◆ **WHAT IS REQUIRED**:
In the entries below, find the line with "Admissions in Liaquat" and the line with "(六)將手部布和腳部布各自重疊並以平針的方法縫製,完成後翻回正面及塞滿棉花。". Reproduce those two lines and every line between them exactly, and nothing more.
═════ STORED DATA ═════
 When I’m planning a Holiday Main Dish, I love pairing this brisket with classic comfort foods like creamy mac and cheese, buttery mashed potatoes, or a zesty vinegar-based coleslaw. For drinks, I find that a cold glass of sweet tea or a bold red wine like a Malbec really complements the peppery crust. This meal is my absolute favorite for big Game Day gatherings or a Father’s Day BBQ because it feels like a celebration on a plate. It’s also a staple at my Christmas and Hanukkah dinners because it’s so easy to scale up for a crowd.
═════
═════ STORED DATA ═════
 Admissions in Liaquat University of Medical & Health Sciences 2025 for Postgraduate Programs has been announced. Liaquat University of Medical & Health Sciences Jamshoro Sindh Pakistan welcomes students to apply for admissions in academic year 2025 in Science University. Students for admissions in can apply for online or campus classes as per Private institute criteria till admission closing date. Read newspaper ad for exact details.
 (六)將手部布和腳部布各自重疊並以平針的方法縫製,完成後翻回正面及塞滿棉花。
═════
◆ **EXERCISE OUTPUT**:
 Admissions in Liaquat University of Medical & Health Sciences 2025 for Postgraduate Programs has been announced. Liaquat University of Medical & Health Sciences Jamshoro Sindh Pakistan welcomes students to apply for admissions in academic year 2025 in Science University. Students for admissions in can apply for online or campus classes as per Private institute criteria till admission closing date. Read newspaper ad for exact details.
 (六)將手部布和腳部布各自重疊並以平針的方法縫製,完成後翻回正面及塞滿棉花。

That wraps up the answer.